Sam Altman, OpenAI’s chief executive officer, ignored recurring questioning about the company’s financials, noting that revenue now stands “well more” than $13 billion annually. Furthermore, he said he was tired of anxieties about how the AI leader will finance its ambitious infrastructure plans.
During a joint interview with Microsoft’s Satya Nadella on the BG2 podcast, Altman bluntly put the framing of the debate: demand for OpenAI’s offerings is growing, and investor appetite for the business’s stock is fierce. When grilled on the reports of OpenAI’s sales being around $13 billion, Altman responded that the number is “well more” than $13 billion and maintained a posture against financial concern trolling.

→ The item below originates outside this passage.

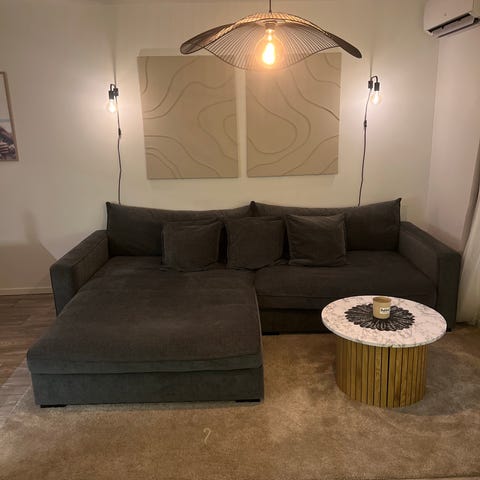 Säljer nu denna fina soffa från Mio, modellen heter Rossi XL och den har en höger schäslong med armstöd. Soffan är i bra skick, inga som helst konstigheter med den. Säljs pga flytt.

The CEO argued that even though critics were afraid of the expense of computing power, they would line up to buy shares if they had the option. He also expressed his excitement about a world in which doubters can go short, yet underlined that OpenAI has no plans to go public anytime soon.
Altman admitted that while execution risks continue to exist on the compute side, revenue growth is “very, very fast,” buoyed by expanding enterprise adoption and developer use through APIs. He added that a new line of programs is growing. Nadella echoed the idea, claiming that OpenAI has outperformed “every” business plan submitted to Microsoft, with Azure underpinning broad-scale training and deductions.
Funding anxieties, compute costs, and growth strategies
Altman’s frustration is underlined by the backdrop of the industry’s mounting capex bill. Training and serving frontier models necessitates vast clusters of top-flight GPUs, custom accelerators, and bespoke data centers.
While one report suggested OpenAI could be on the hook for an extraordinary sum in long-term compute commitments, Microsoft and other hyperscalers are each investing tens of billions in AI infrastructure a year; Nvidia’s data center revenue has soared amid demand for its H100 and the next-generation of its accelerators—which it cannot make fast enough; and AMD GPUs and custom silicon from rivals are flooding in to help ease bottlenecks. The financial issue is whether AI revenue expands quickly enough to account for that expenditure.
OpenAI’s model combines subscription products like ChatGPT Enterprise, usage-based API fees for developers, and platform economics via Azure’s OpenAI Service. This mixture provides multiple opportunities for expansion: bigger deployments of enterprise seats, higher average use per customer as solution circumstances migrate from the pilot to production, and new buckets like AI-enabled gadgets and tools for scientific discovery, both of which Altman addressed as potential future expansion trends.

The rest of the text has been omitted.